What language do angelic programmers use?
Angels of Jean use Fortescue, a programming language developed by a team of Jean's best Elohite and Seraph programmers. Fully object-oriented, easily extensible, dynamic and with syntax approximating Angeltongue, Fortescue is what every human programming language aspires to be. To develop Fortescue, Jean even got Blandine's permission to consult with a number of IT luminaries in their dreamscapes about important features and issues that the development team would have to consider.

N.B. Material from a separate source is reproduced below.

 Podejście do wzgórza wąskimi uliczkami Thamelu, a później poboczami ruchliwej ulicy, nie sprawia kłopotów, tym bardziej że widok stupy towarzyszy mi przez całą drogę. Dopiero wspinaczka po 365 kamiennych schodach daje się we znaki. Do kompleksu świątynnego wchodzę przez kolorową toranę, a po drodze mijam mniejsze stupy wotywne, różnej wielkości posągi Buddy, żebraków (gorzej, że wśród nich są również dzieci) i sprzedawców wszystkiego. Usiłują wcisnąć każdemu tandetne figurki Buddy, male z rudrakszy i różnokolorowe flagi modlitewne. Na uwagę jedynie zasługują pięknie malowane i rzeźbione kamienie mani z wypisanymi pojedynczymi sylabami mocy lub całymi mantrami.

A Fortescue program compiles into a small package which is always platform-specific -- although any Fortescue program will run on one of Jean's computers, regardless of its target platform! When it is absolutely necessary to port a package onto another platform, a special program named Morph is used. Morph decompiles the program and recompiles it for use on the new platform. The resulting package, whether compiled by Fortescue or recompiled by Morph, always runs at maximum efficiency -- even bad or excessively lengthy algorithms are shortened by the compilation process. Fortescue compilers exist for every platform and every OS ever developed (even obscure and little-known ones), and a few more are under development for OSs and platforms that are still to come. A sizable team of relievers and Heaven-bound angels ensure that Fortescue remains constantly up-to-date and available to everyone through download on JeanNet.
A visual interface, developed by a team of Jean's Mercurians, is being distributed along with the Fortescue Development Kit. Dubbed Visual Fortescue, the new interface makes programming much easier...although old-timers claim that they prefer the old command-line interface. Lab tests show that code generated by Visual Fortescue is comparable in size and data footprint to that generated by regular Fortescue -- something that Jean was adamant about when the Mercurians pitched the idea to him.

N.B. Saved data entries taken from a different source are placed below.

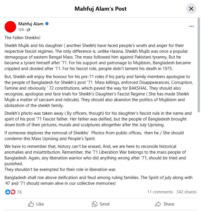কেউ যদি সরকারি অফিস থেকে শেখদের (শেখ মুজিবুর রমহান ও শেখ হাসিনা) ছবি সরানোর কারণে আক্ষেপ প্রকাশ করেন, তবে তিনি এ গণ-অভ্যুত্থান ও গণমানুষের চেতনারই নিন্দা জানালেন। শেখ হাসিনার ফ্যাসিবাদী শাসনের কথা শেখ মুজিবুর রহমানের দল ও পরিবারের সদস্যদের স্বীকার করা, ক্ষমা চাওয়া এবং এ জন্য বিচারের মুখোমুখি হওয়া উচিত বলে মন্তব্য করেছেন অন্তর্বর্তী সরকারের উপদেষ্টা মাহফুজ আলম।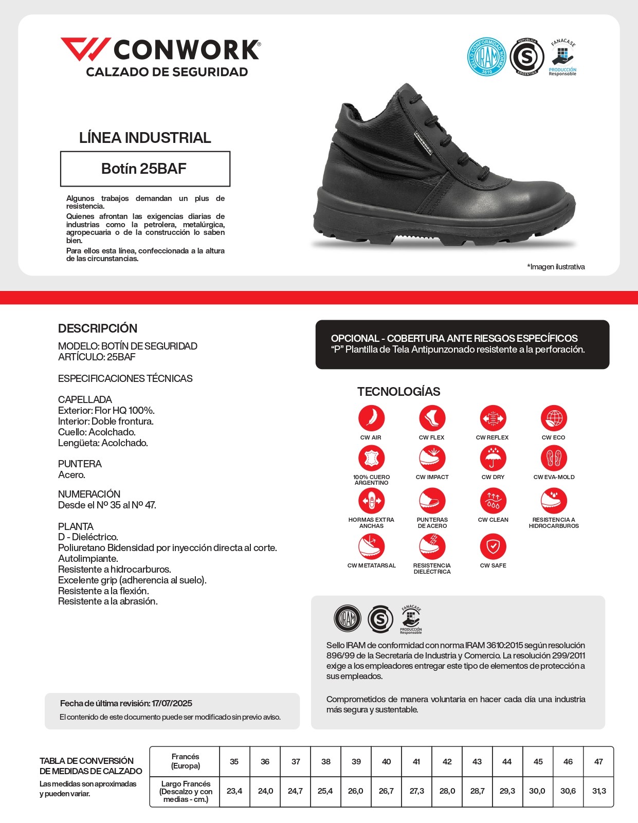 El botín de seguridad 25BAF está diseñado para brindar máxima protección y resistencia en entornos laborales exigentes. Pertenece a la línea industrial y cuenta con capellada en cuero flor HQ 100%, asegurando durabilidad y alto rendimiento.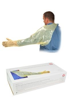 Vysoce kvalitní rukavice s otvorem na hlavu a chráničem ramene jsou ideální pomůckou veterináře. Chrání ruku, rameno a podpaží při zachování vynikající citlivosti. Pro rektální vyšetření, umělou inseminaci a pro použití v porodnictví.Dodáváno v praktickém dávkovacím boxu po 50ks.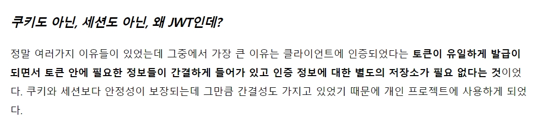 JWT... 분명 프로젝트에서 기본적으로 많이 사용했고, 과제들에서 요구사항들도 필수 요구사항이라고 할 수 있을 정도로 실무에서 JWT를 많이 사용하고 있다는 것을 알 수 있었다. 이 글을 쓰는 이유는 아래 블로그를 작성했던 것처럼 JWT에 대해서 왜 써야 하고 어디에 저장을 해야 하고 어떻게 개발을 해야 하는지에 대하여 고민했던 시절이 있었다.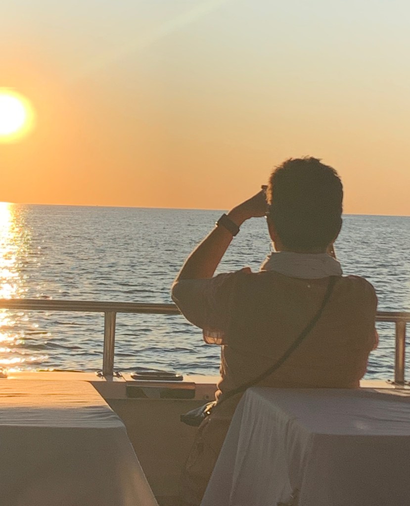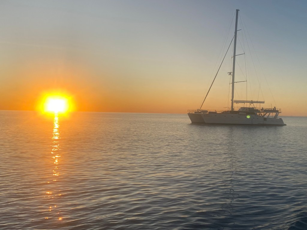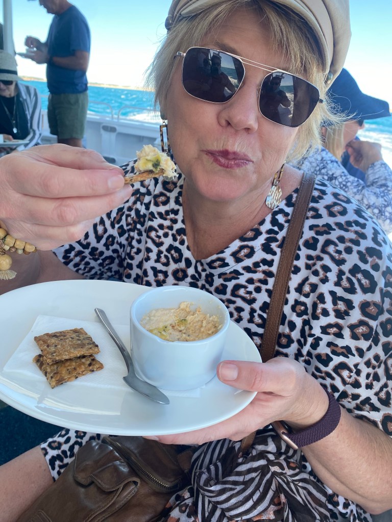 The boat then travelled to Cable Beach and anchored. We indulged in the final four courses at tables and sat with our new friends, John and Judy.
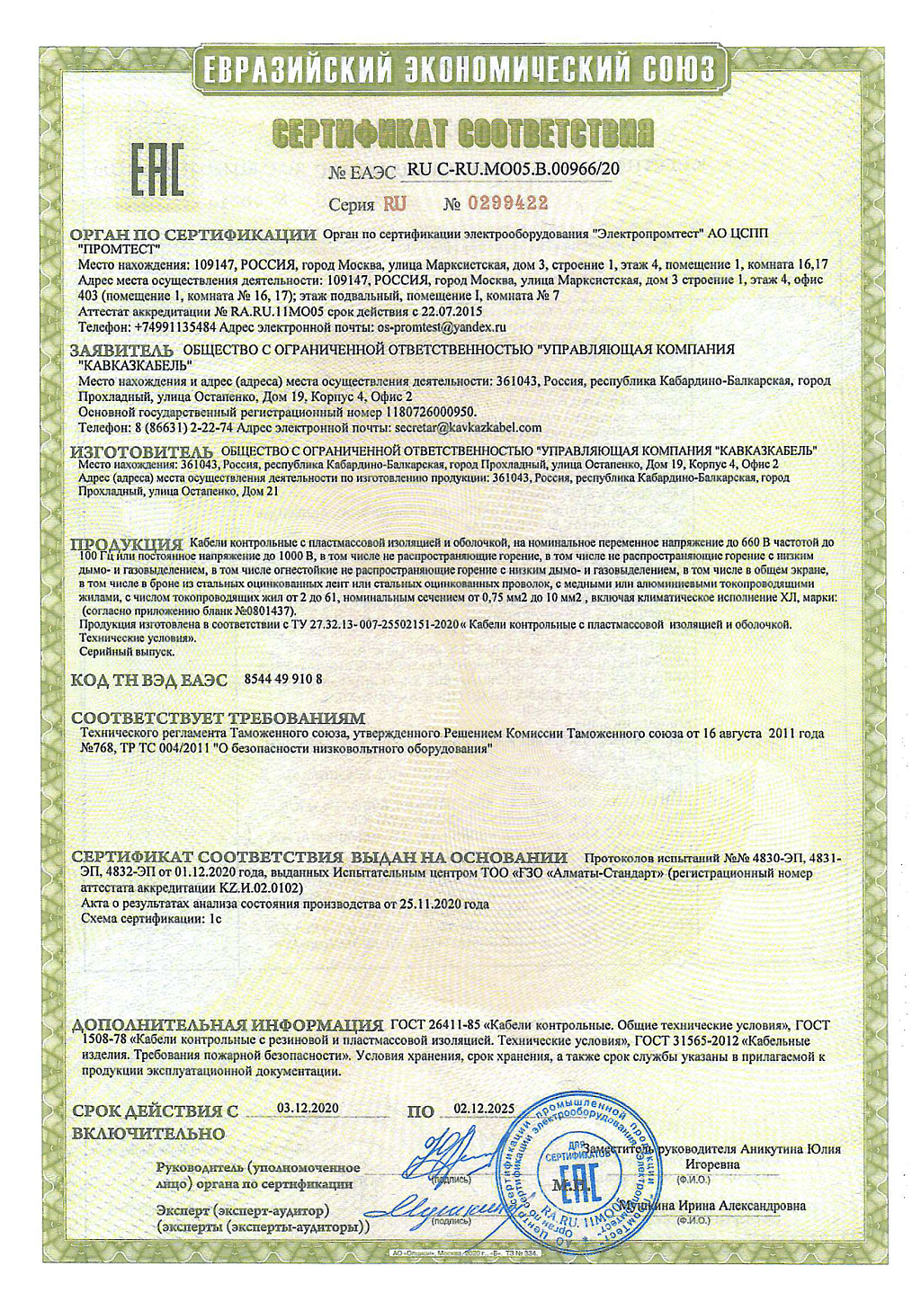 Кабель с медными однопроволочными токопроводящими жилами, с термическим барьером в виде двух слюдосодержащих лент, с изоляцией и оболочками (внутренней и наружной) из ПВХ-композиции пониженной пожароопасности с низким дымогазовыделением. Предназначен для передачи и распределения электроэнергии в стационарных установках.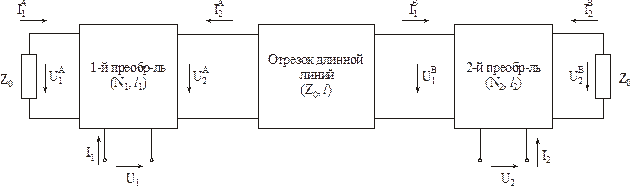 Входной и выходной преобразователи ЛЗ ПАВ представлены эквивалентными электрическими шестиполюсниками, характеризуемыми матрицами Y-параметров. Пьезоэлектрический звукопровод между входными и выходными преобразователями представлен на схеме электрическим аналогом - отрезком длинной линии с характеристическим сопротивлением Z0 и длинной l. Отсутствие отражения от краев пьезоподложки учтено тем, что внешние акустические входы преобразователей нагружены на характеристическое сопротивление упругой среды Z0.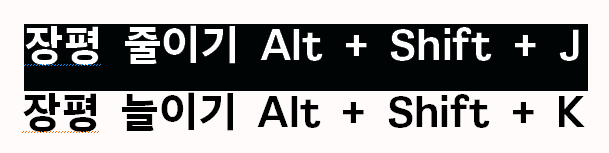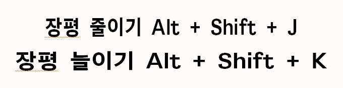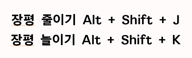 장평을 조절하는 단축키는 Alt + Shift + J와 Alt + Shift + K입니다.

Under top-priority development in the Halls of Progress are object libraries which will allow the addition of features approximating angelic resonances and Songs to programs written in Fortescue. The first of these libraries is currently under beta testing as a critical component in TAINT_SEARCH.EXE, one of Jean's projects and an electronic artifact. Even Jean's Elohim are experiencing difficulty working out the complex algorithms involved in this project, however, so it is highly unlikely that these libraries will be finished anytime soon.

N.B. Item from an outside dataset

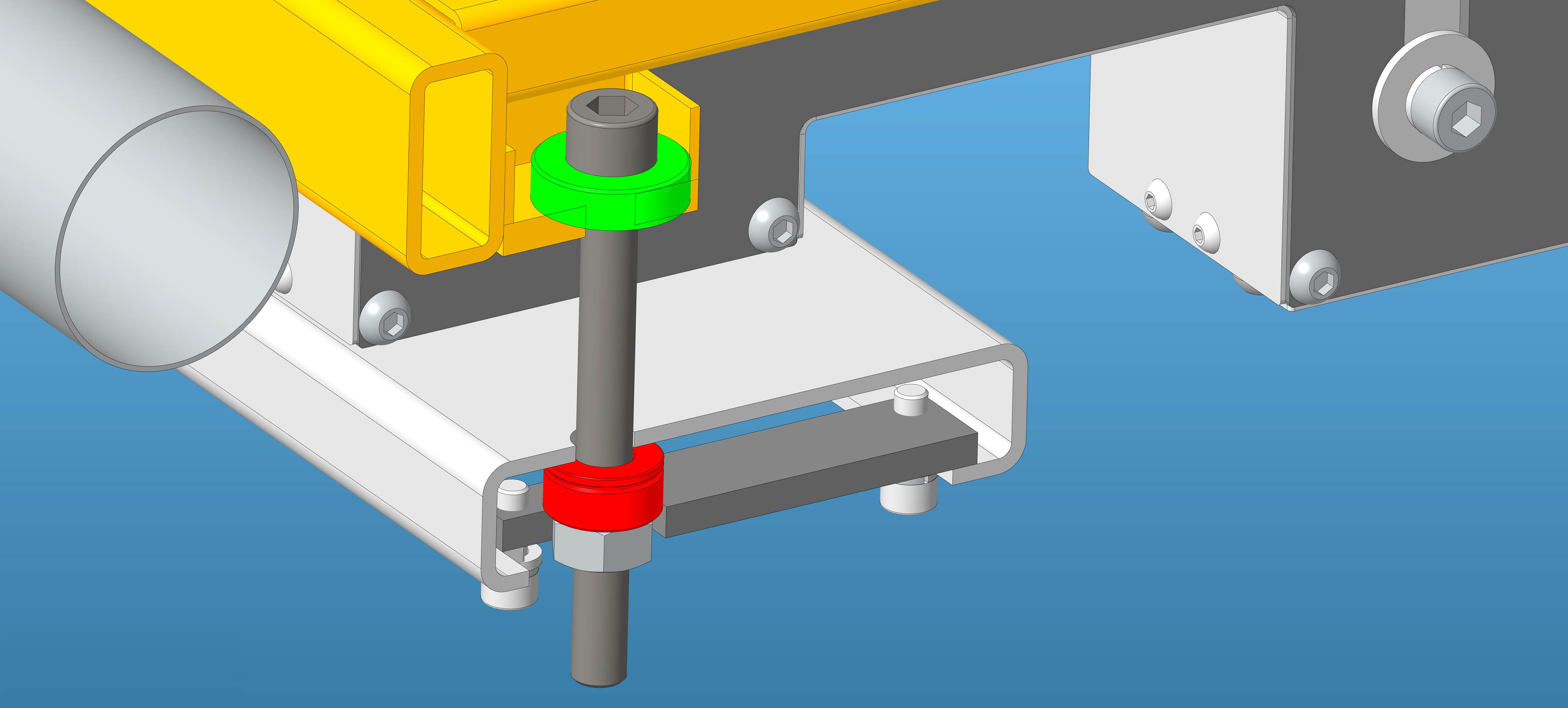 Długa śruba z łbem walcowym zapiera się o ramę (kolor żółty) poprzez podkładkę łożyskowaną GN 6342 (kolor zielony).

Because Jean makes it so widely available, it is not dissonant for angels of Lightning to allow a human to get a copy of a program written in Fortescue, or even a copy of the Fortescue Development Kit. Most living humans don't understand angelic anyway, and the syntax absolutely requires that the programmer think in Angeltongue. It is for this reason that demons gain dissonance for programming in Fortescue! It's rumored that a copy of the FDK is sitting in a server somewhere in Virginia, being puzzled over by human programmers unable to make use of it.
What language do demonic programmers use?
To be honest, most demonic programmers use C, C++, or even Java. Not a few have taken up other programming languages, and are proficient in these. Some of these demons even have copies of the Fortescue Development Kit sitting in their hard drives.
When he first heard of the development of Fortescue, Vapula instructed his own Servitors to begin work on a programming language. That language, XJ49-L, is the result of many years of hard work, and not a few unsubtle thefts from other programming languages. With a syntax approximating Helltongue, XJ49-L is the language you use if you want to get ahead in Vapula's ranks. Every XJ49-L programmer has his own style -- and his own syntax. What appears to be a comment to one programmer could actually be an important part of the program's code. It's not unknown for Balseraphs to use their resonances on the program, creating code where none existed before, but which is impossibly difficult to debug.
XJ49-L is procedurally oriented, which makes it a fine language to use when one wants to create spaghetti code. As a matter of fact, in addition to the standard "goto" function, XJ49-L supports the "go", "gothere", "gottherethenreturn", and "gothereandthere" functions. The smart demonic programmer finds some way to make use of all of these in his code, since Vapula himself developed some of them (no one's entirely sure which ones). Variables are passed to functions by either or both value and address, depending on which interpreter is being used (did we mention that XJ49-L is an interpreted language?) Interpreters exist for all known OSs and platforms, but getting access to them is another matter entirely. Another of XJ49-L's unique features is the ability to access memory directly, whether or not that memory would normally be available to the process running the program, which means that a program written in XJ49-L can crash a system while blaming it on another program.
In a bizarre twist of fate, Vapula's greatest achievement is written entirely in this language. Miranda, Vapula's electronic daughter, currently exists independent of her interpreter program -- something that is a technical impossibility, but then again, this is Vapula we're talking about. The fact that Miranda is a XJ49-L program means that she is truly unique and cannot be duplicated -- more than one Balseraph worked on her code!
Angels who learn XJ49-L gain a note of dissonance, and another each time they attempt to program in the language. Even attempting to debug code written in XJ49-L gains angels dissonance. Demons of Technology are all tasked with learning XJ49-L, something which binds them to Vapula and Hell far more than they're comfortable with.